Collected data entries:

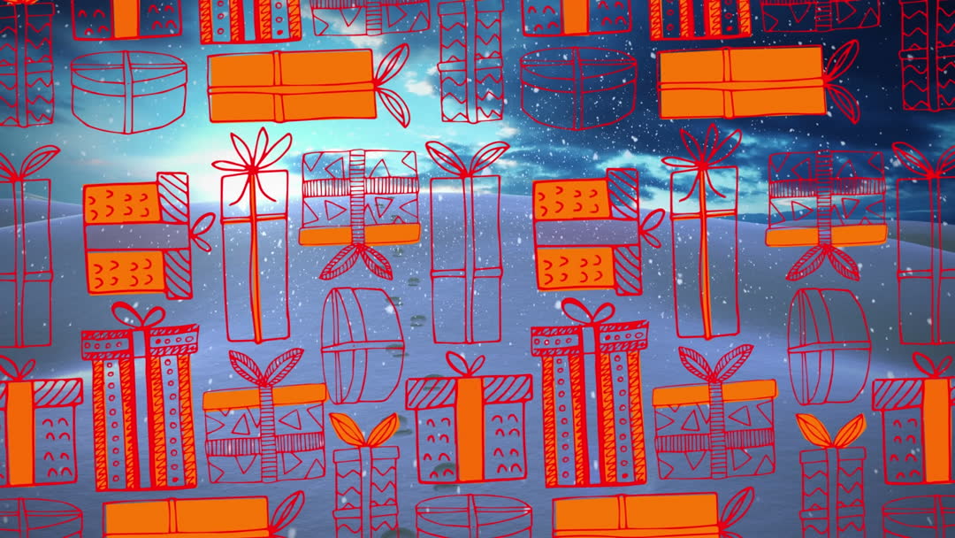 - Festive Gift Boxes with Falling Snow Over Winter Scenery
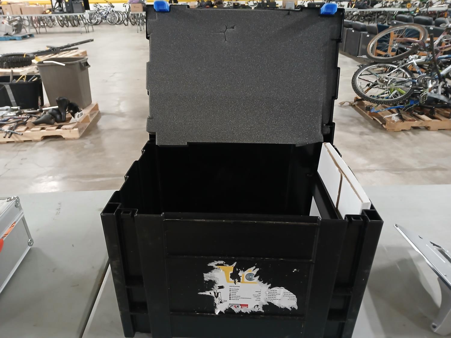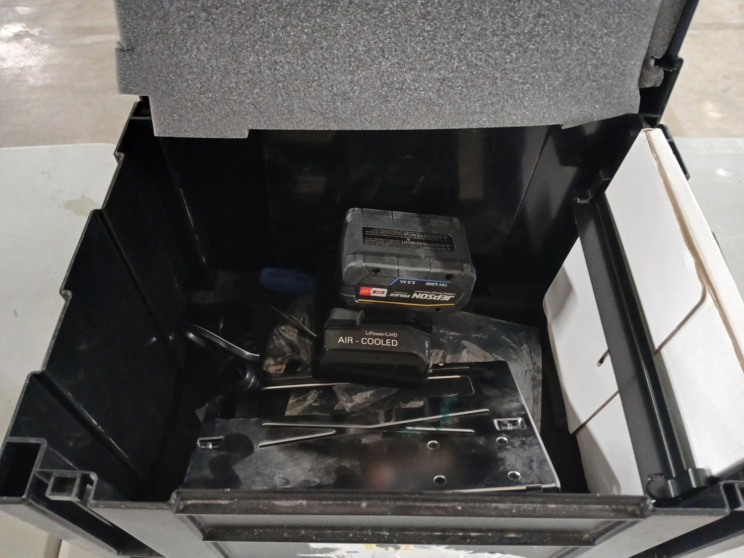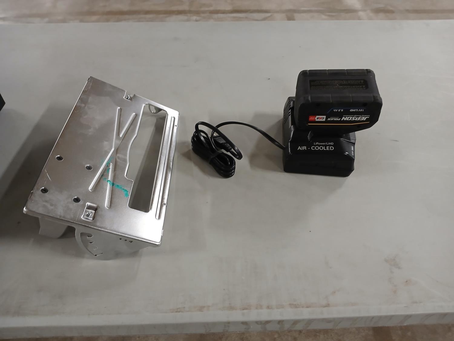 (1) steel saw guard, (1) bag of various small screws and knob, (1) flat head screwdriver, (1) Jepsen 18 volt battery with charger. (1) black tool case
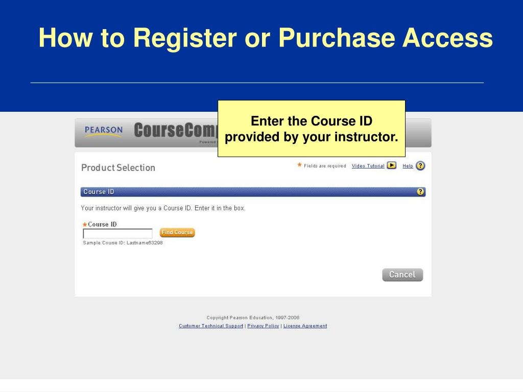 How to Register or Purchase Access Enter the Course ID provided by your instructor.
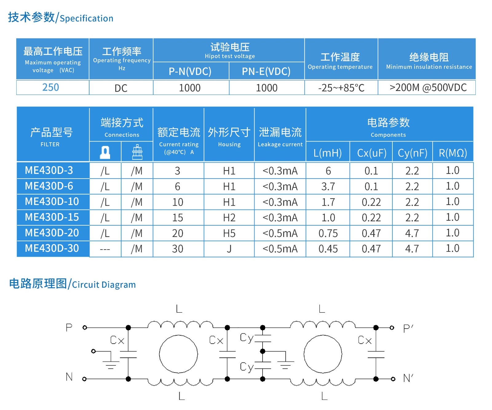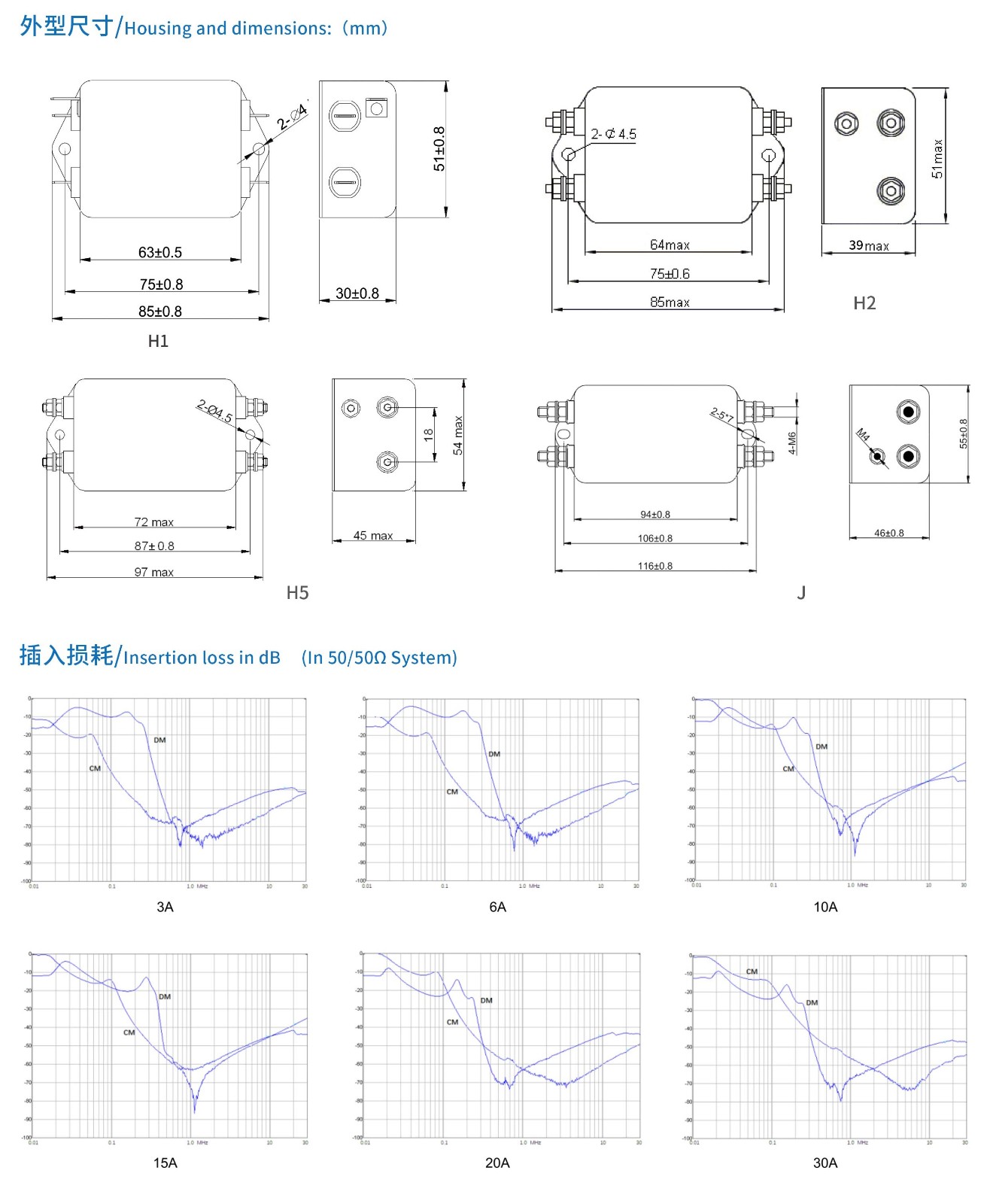 专为抑制直流电源线上的噪声设计,双节滤波器 ,优良的低频、高频滤波效果。
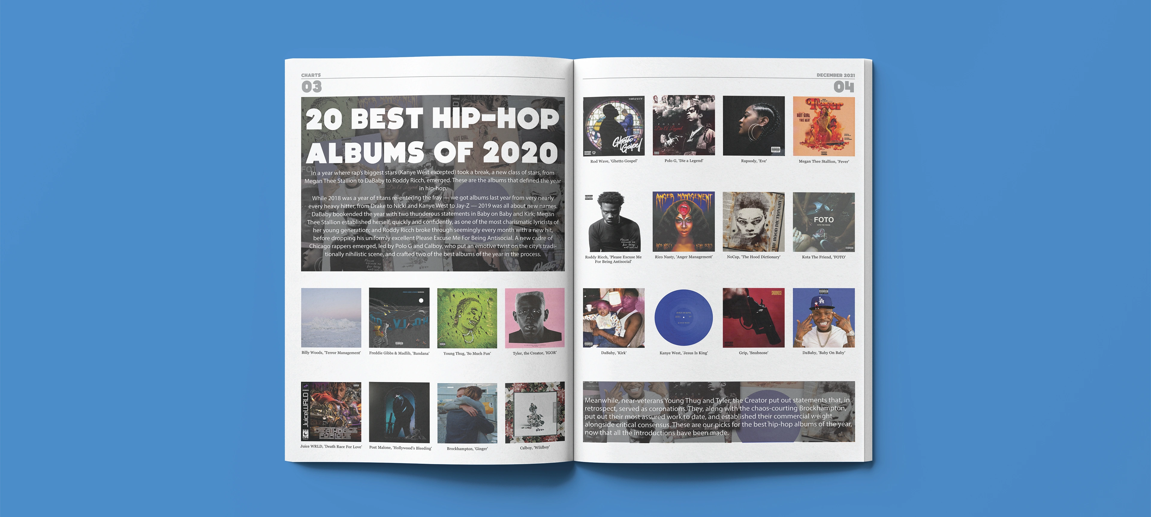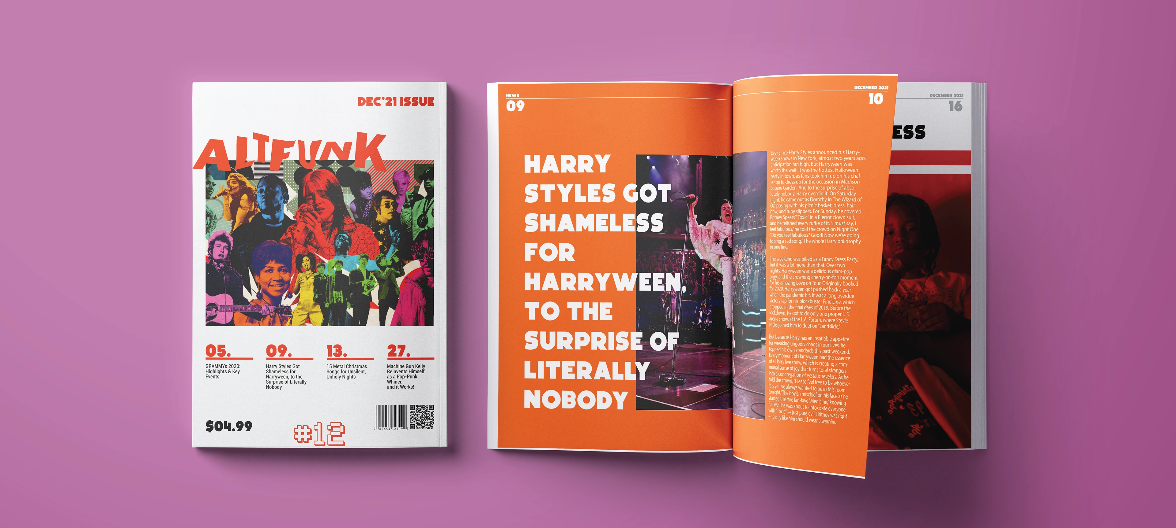 Self initiated music magazine concept brought to life using graphic design, copywriting and curation, mocked up into publication ready product.
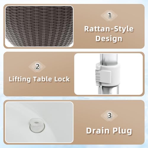 • SHAREWIN Patio Cool Bar Table, Height-Adjustable Outdoor Bar Tables 8 Gallon Beer and Wine Cooler, 3-in-1 Rattan Style Ice Cooler with Drainage Plug for Pool Party (Grey)
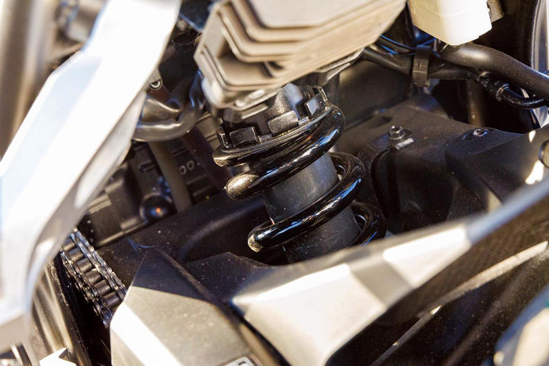 スイングアームは高剛性のアルミ製で構成。スタンダードのリアショックは、ショーワ製分離加圧式シングルチューブタイプを採用している。
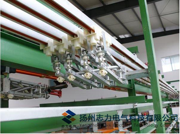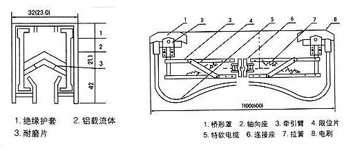 單極組合式滑觸線導電器:為接簧支撐式,僅在滑觸線下部即可推入,但須在牽引器同步進行,并保證拉簧力量適當,以免加大電刷磨損。牽引器與導電器同步進行,可用螺栓或電焊方式固定在行車等移動電器上,并適當保證導電器運行不受扭力。
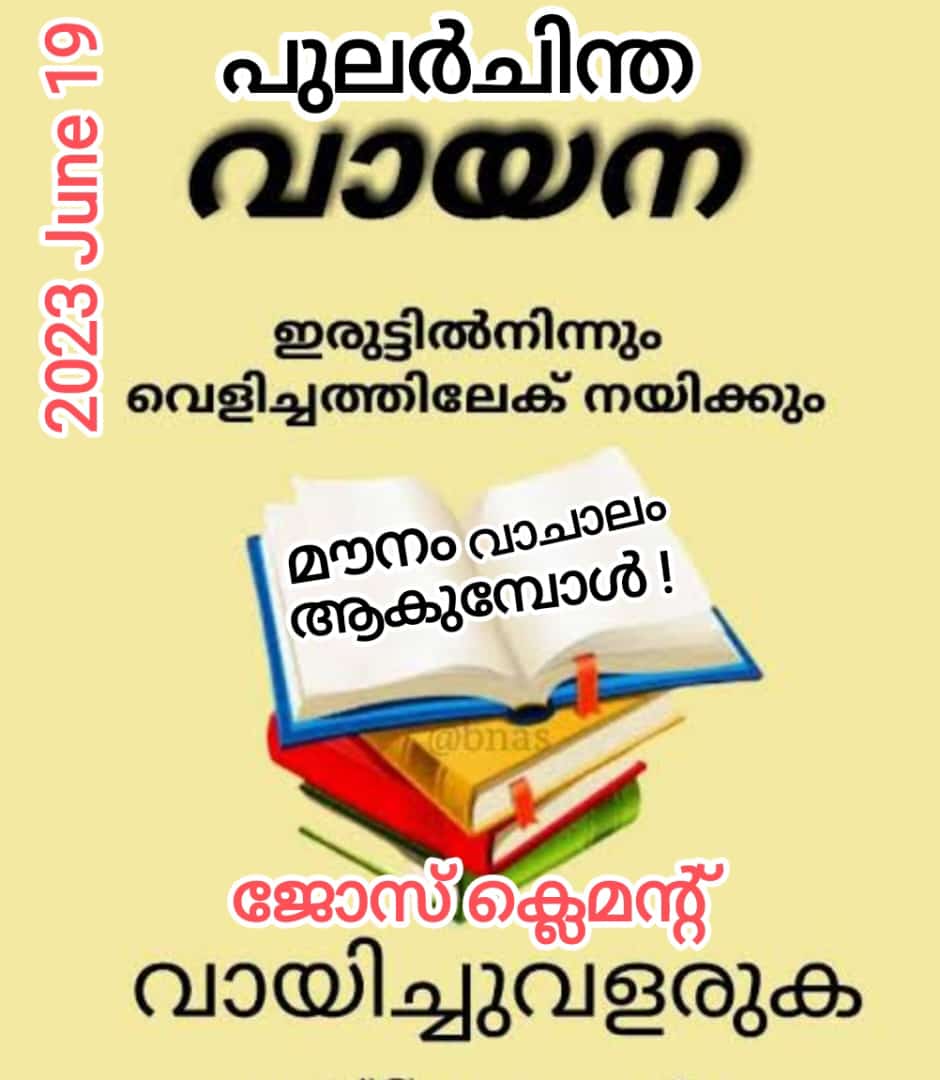 അറിവിന്റെ ഒരായിരം നക്ഷത്ര ദീപങ്ങൾ തെളിഞ്ഞാലെന്നപോലെ പ്രകാശം പകരുന്ന , ഊർജം നിറയ്ക്കുന്ന ഒന്നാണ് വായന.വായനയുടെ മൗനത്തിൽ നാം എവിടെയെല്ലാം സഞ്ചരിക്കുന്നു! ആരെയെല്ലാം കണ്ടുമുട്ടുന്നു!എത്രയോ പേരെ ഇഷ്ടപ്പെടുന്നു! ആരൊക്കെയോ ആകാൻ ശ്രമിക്കുന്നു! എങ്ങനെയൊക്കെ ആകരുതെന്ന് പഠിക്കുന്നു! ഒരു ജന്മത്തിൽ തന്നെ, നിരവധി ജന്മങ്ങളെ സൃഷ്ടിക്കുക വഴി പരിമിതമായ മനുഷ്യ ജീവിതത്തിന് ഒരു പ്രപഞ്ചമാനം തന്നെ വായന നല്കുന്നു. വായിക്കുക എന്നാൽ വേരിലേക്ക് താഴ്ന്നും പൂവുകളിലേക്ക് പടർന്നും മറ്റുള്ളവരിലേക്ക് കുതിച്ചും നാം നടത്തുന്ന അതിജീവനമാണ്. “വായിക്കുന്നവർ ആയിരം ജീവിതം ജീവിക്കുന്നു. ഒരിക്കലും വായിക്കാത്തവൻ ഒരു ജീവിതം മാത്രം ജീവിക്കുന്നു ” എന്ന ജോജന്റെ വാക്കുകൾ ഈ ദിനത്തിൽ നമ്മെ ചിന്തിപ്പിക്കട്ടെ. എഴുത്തിന്റെ മൗനങ്ങളെയും വൈരുധ്യങ്ങളെയും വെളിപ്പെടുത്തും വിധമുള്ള ഒരു സർഗ പ്രവർത്തനമായി നമ്മുടെ വായനകൾ മാറട്ടെ .

WHAT THE EXERCISE ASKS:
Copy exactly the lines from the first line of the records above through the line with "Pool Party (Grey)", both included, and nothing else. Pictures stay out.

OUTPUT OF THE TASK:
 - Festive Gift Boxes with Falling Snow Over Winter Scenery
 (1) steel saw guard, (1) bag of various small screws and knob, (1) flat head screwdriver, (1) Jepsen 18 volt battery with charger. (1) black tool case
 How to Register or Purchase Access Enter the Course ID provided by your instructor.
 专为抑制直流电源线上的噪声设计,双节滤波器 ,优良的低频、高频滤波效果。
 Self initiated music magazine concept brought to life using graphic design, copywriting and curation, mocked up into publication ready product.
 • SHAREWIN Patio Cool Bar Table, Height-Adjustable Outdoor Bar Tables 8 Gallon Beer and Wine Cooler, 3-in-1 Rattan Style Ice Cooler with Drainage Plug for Pool Party (Grey)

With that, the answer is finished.